In 2016, Department of Homeland Security Secretary Jeh Johnson found that state election officials were suspicious of federal offers of assistance in defending their voting systems from cyber attack. He tried to persuade them to accept DHS designation of those systems as “critical infrastructure,” which would have given states access on a priority basis to a range of protections. The response he received ranged from “neutral to negative.” DHS concluded that, in the middle of an election, it was best not to have a protracted, politicized fight over this step. It focused on providing assistance where it could, and a large number of jurisdictions requested help. In January 2017, even with officials remaining skeptical about the designation, Secretary Johnson proceeded to issue it.
According to Johnson, and as further reflected in reporting by The Washington Post, election officials resisting this engagement with the federal government viewed it as a threat to” states rights.” At least one, Brian Kemp of Georgia, suspected that the Administration might be using the claimed Russian interference as a ploy to advance the political prospects of its favored candidate, Hillary Clinton. Kemp and others were not convinced that the Obama Administration had properly fixed blame on the Russians.
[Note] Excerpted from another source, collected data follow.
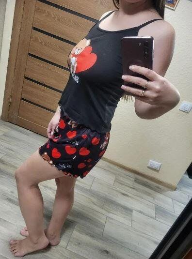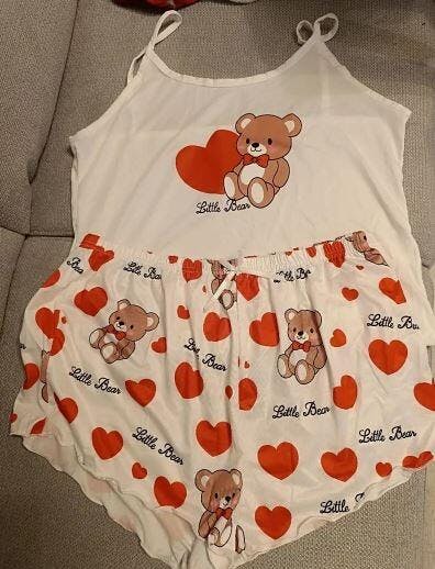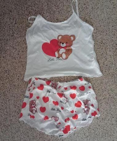 Šarmantan set pidžame s medvjedićima i srcima, s kratkim topom s volanima i okruglim izrezom u kombinaciji s udobnim elastičnim kratkim hlačama. Idealno za ugodne večeri kod kuće.
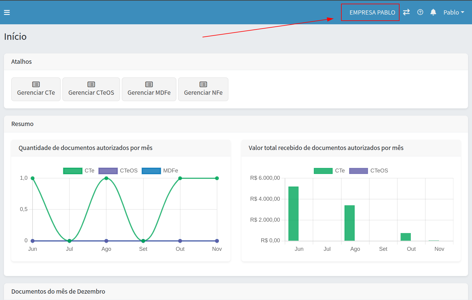 Sempre que precisar trocar de empresa, basta clicar no nome dela (no canto direito superior).
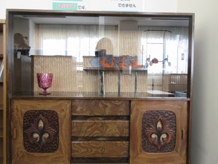 木の扉は彫り物がはまっており、素敵で重厚な茶ダンスでした。
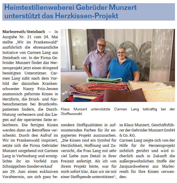 unterstützten das Projekt mit Kissenspenden direkt an die Klinik
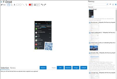 Flamory helps you capture and store screenshots from F-Droid by pressing a single hotkey. It will be saved to a history, so you can continue doing your tasks without interruptions. Later, you can edit the screenshot: crop, resize, add labels and highlights. After that, you can paste the screenshot into any other document or e-mail message.
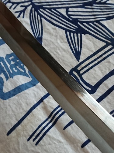 思い出の刀剣 5 思い出の刀剣 2024年11月21日 以前に素晴らしい御刀を研磨させて頂きました。2尺5寸1分の無銘で、元と先の開きがある身幅で、反りが浅め寛文新刀ではないかと思います大互の目の刃文傷などもなく、地肌見所があり面白い御刀でした。改正砥より研磨開始拵えに入れられていた為、白鞘を新調して、お納め致しましたありがとうございました。#日本刀#日本刀研磨#刀剣#刀剣研磨#刀#脇差#短刀#寛文新刀#函館#北海道 日本刀研磨処 函館美術刀剣工房 https://togikoubou.jugem.jp/ 研磨作品 https://kenma.gjgd.net/ インスタグラム https://www.instagram.com/to_kenma 研磨記録 https://kenmakoubou2.blog.shinobi.jp/ 研磨記録 2 https://kenma2310.seesaa.net/ 研磨記録(所蔵刀篇) https://skenma.seesaa.net/ 研磨記録(その2) https://kkenma2.seesaa.net/
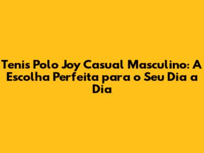 Tenis Polo Joy Casual Masculino , que combinam estilo, conforto e versatilidade? Se vocĂȘ busca um calçado que te acompanhe em diversas ocasiĂ”es, desde um passeio no parque atĂ© um encontro com amigos, os tĂȘnis da Polo Joy sĂŁo a escolha ideal. Neste artigo, vamos explorar todos os detalhes sobre essa linha de tĂȘnis, destacando seus diferenciais, caracterĂ­sticas e como eles podem transformar o seu visual. Prepare-se para descobrir por que os tĂȘnis Polo Joy conquistaram o coração de tantos homens que valorizam o conforto sem abrir mĂŁo da elegĂąncia.
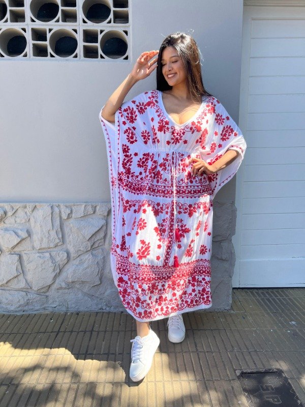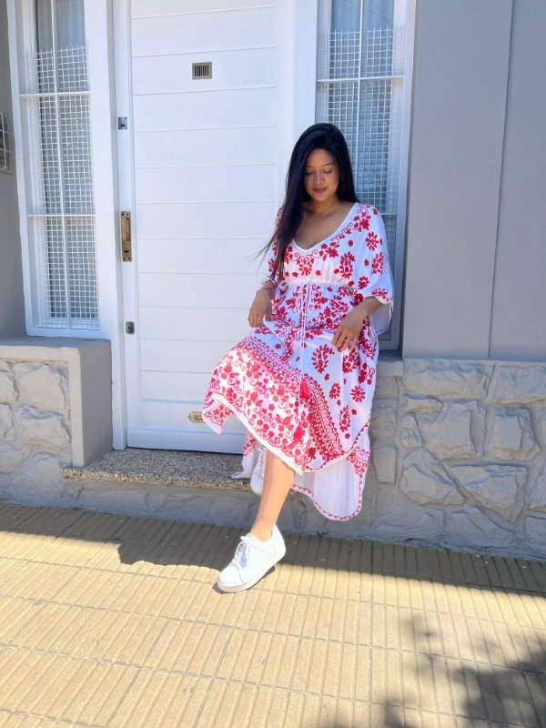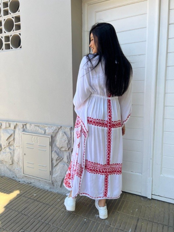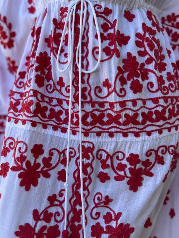 Confeccionado en un tejido ligero y fresco (algodón o mezcla suave), destaca por su impresionante bordado floral en hilo rojo intenso sobre fondo blanco puro. El bordado abunda en el escote, la cintura y el ruedo, dándole un aire tradicional y vibrante.
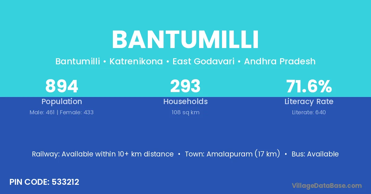 Amalapuram (17 km) is the nearest town to Bantumilli village for major economic activities and is located approximately 17 km away.
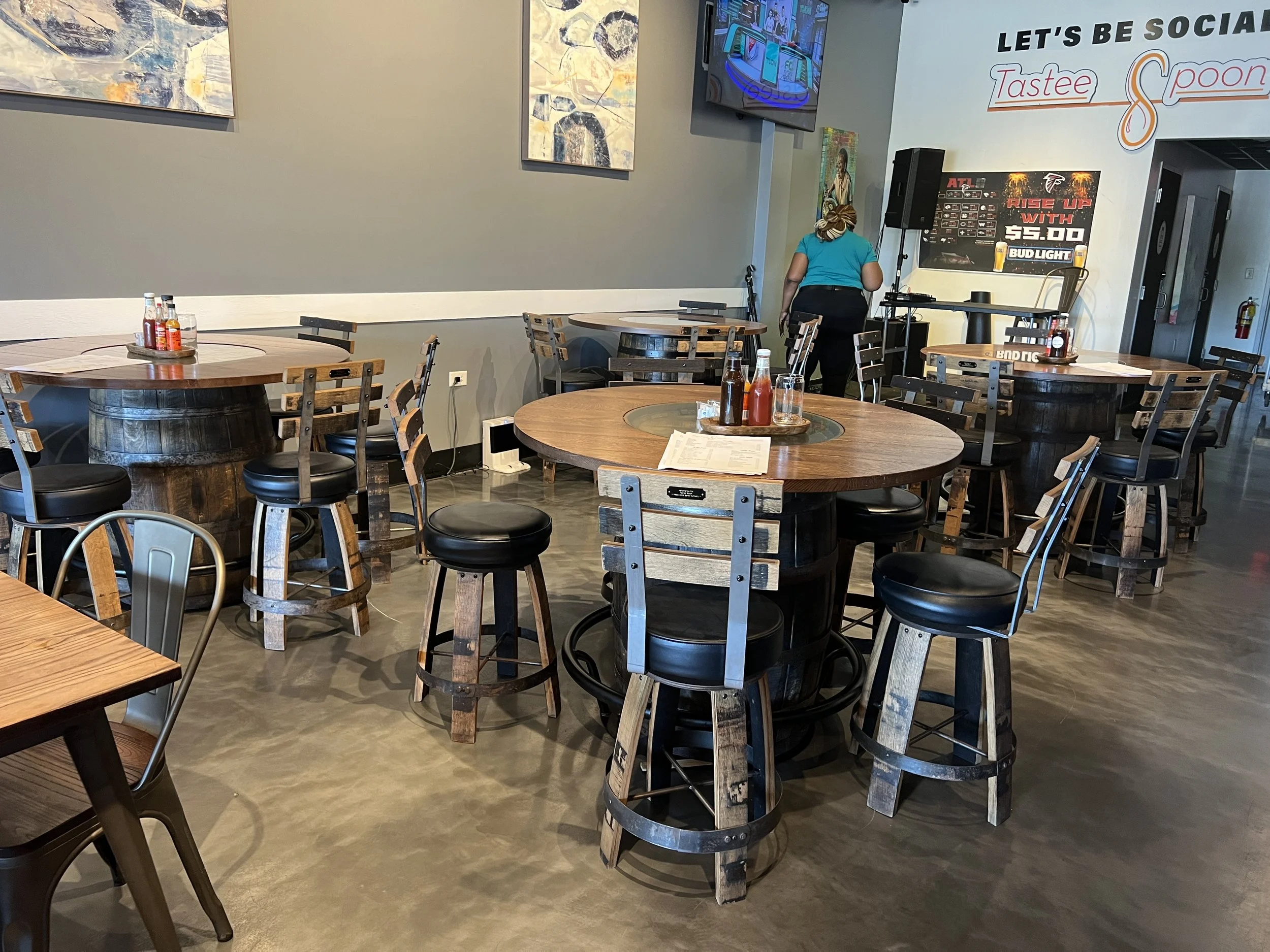 Head on down to Tastee Spoon in Dunwoody, Georgia and enjoy the most delicious Caribbean meal at one of our several whiskey barrel pub tables and stools! You can also find our custom laser engraved rolling snack and drink chest near the front counter and our stemware racks by the bar, all made out of reclaimed whiskey barrels!
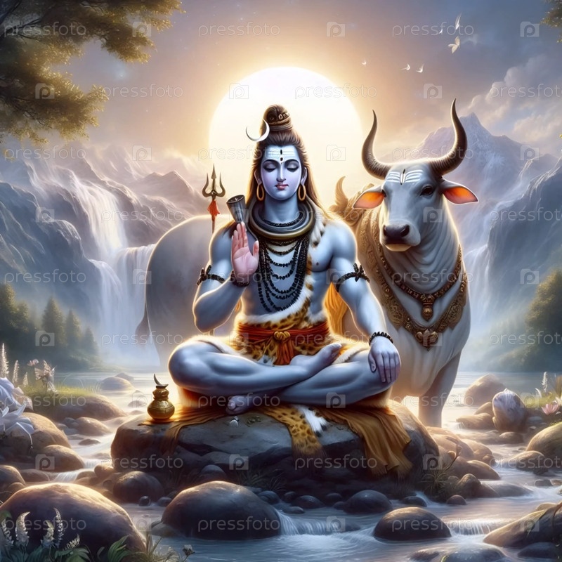 Господь Шива со священным быком Нанди, Ai generated image

Congressional Republican leadership stayed close to their state allies on these points, also stressing the rights of states and declining to embrace the finding of Russian intrusions.
This is a revealing part of the 2016 story: government at war with itself, in the grip of partisanship, when under cyber attack from a foreign government. The attack was directed at the electoral process, and yet it was still not enough to produce a unified, fully coordinated federal and state response. For all the progress in bipartisan election administrative reform in recent years--and there has been a fair measure of it--Johnson’s account exposes key, and altogether familiar, structural obstacles.